The crew cast off and raise their oars and then when the barge is pushed from the pier they dip them, all at the same time, in the water. The hortator beats one strike of the drum and they all pull together and the barge leaps forward, making me rock in my seat. Again and again the drum pounds softly and the barge rocks me to its beat. The sun on the water is dazzling, the baby is heavy in my belly. I am terribly afraid, and I don’t know what I should fear. I wish that Ned were here. I wish with all my heart that Ned were here.



For once in my life, I have nothing to say, not a scream of protest, not even a flood of tears, not one word. I am so shocked I am struck dumb. Where Elizabeth sank down onto the steps at the watergate and wept in self-pity and made sure her words were recorded, I am silent. I disembark from the barge, I take the outstretched hand to help me up the steps. I go quietly, like a frightened child, to wherever they lead me, up the stone steps and through the garden gate into the front door of the lieutenant’s house, the mansion house of the busy little walled village that includes both mint and armory, treasure house and palace, prison, and place of execution.

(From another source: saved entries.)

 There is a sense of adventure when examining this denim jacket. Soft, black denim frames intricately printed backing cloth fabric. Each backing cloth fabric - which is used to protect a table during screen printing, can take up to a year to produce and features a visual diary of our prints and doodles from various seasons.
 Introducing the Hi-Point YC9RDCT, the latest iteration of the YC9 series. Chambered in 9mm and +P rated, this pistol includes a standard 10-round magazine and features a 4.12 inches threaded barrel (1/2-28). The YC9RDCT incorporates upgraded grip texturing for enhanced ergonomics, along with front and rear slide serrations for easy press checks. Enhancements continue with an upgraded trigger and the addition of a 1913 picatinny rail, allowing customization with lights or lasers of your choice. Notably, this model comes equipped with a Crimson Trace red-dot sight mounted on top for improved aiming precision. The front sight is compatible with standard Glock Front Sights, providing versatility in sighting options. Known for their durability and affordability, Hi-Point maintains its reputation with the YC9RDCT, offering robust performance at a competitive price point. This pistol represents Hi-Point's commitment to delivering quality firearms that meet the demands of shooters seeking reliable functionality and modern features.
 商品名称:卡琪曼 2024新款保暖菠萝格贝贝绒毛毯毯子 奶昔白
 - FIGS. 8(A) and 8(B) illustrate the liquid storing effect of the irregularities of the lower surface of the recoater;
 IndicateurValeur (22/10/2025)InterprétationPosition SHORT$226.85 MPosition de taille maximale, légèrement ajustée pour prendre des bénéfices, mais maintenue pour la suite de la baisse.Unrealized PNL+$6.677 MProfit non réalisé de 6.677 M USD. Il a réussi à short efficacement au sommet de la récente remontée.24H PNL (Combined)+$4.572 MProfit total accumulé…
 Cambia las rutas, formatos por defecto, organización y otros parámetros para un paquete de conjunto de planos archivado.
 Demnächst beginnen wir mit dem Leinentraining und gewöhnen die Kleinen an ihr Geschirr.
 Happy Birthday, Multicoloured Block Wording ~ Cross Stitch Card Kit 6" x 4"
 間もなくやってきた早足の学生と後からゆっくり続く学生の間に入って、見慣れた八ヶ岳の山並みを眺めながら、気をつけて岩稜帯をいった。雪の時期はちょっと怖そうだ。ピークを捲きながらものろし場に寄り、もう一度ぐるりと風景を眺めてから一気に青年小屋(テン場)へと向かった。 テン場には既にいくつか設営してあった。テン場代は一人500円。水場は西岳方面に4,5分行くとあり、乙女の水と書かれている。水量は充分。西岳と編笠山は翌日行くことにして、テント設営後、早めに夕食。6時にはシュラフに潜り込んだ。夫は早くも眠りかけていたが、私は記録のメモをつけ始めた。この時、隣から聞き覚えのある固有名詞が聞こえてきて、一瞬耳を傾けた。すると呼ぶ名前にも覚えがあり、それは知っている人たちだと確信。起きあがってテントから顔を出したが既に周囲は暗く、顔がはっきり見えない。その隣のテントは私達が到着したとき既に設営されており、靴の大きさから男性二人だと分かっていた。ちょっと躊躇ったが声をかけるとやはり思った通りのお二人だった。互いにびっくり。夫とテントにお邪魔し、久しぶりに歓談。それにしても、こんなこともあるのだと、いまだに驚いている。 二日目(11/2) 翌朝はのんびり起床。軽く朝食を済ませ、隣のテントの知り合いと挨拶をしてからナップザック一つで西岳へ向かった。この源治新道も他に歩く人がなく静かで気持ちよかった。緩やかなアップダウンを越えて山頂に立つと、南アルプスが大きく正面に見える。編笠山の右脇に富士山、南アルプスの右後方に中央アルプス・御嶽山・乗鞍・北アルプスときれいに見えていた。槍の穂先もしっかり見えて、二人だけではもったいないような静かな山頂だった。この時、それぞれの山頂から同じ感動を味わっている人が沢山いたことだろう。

They help me up the narrow staircase to a good-sized bedchamber at the front of the house, and when I sink into a chair, they go out and close the door quietly. Then I hear the key turning in the lock. It is not a long terrible grating sound—it is an oiled lock that has been used often. I am only another prisoner.





THE LIEUTENANT’S HOUSE,

THE TOWER, LONDON, SUMMER 1561




When I get up in the morning and look through the leaded panes of the small window, I can see the green where they built the scaffold and beheaded my sister. If I squint to the left, I can see the chapel where they buried her severed head beside her slight truncated body. I sleep in the bed that was hers when she was queen, I cry into her pillows. I sit in her old chair. The tapestries that hang on the walls are those that hung in her bedroom.

On the other side of the Tower grounds, past the White Tower and out of sight, are the stables where she put her hand on our father’s rein and begged him not to leave her. I can hear the clang of the gate that opened for him on that day. This is the place of my sister’s crowning, betrayal, and death. My father is buried here, too. This is where Elizabeth, with extraordinary cruelty, has chosen to imprison me.

She took her time like the heartless automaton that she is. She smiled at me on progress, she waved to the crowds along the route. She favored me before the Spanish and the French ambassadors. She said nothing, not even to Robert Dudley when he told her the news that triggered her jealous hatred. She gave everyone—even me—to understand that I was still an heir, just as I was before he confessed to her, that I am her cousin, her lady-in-waiting, a favorite, a girl she regards as her daughter. Actually, she behaved as if he had said nothing, that she had heard nothing. It was as if no confession had ever been made, and Bess St. Loe and Robert Dudley said nothing either.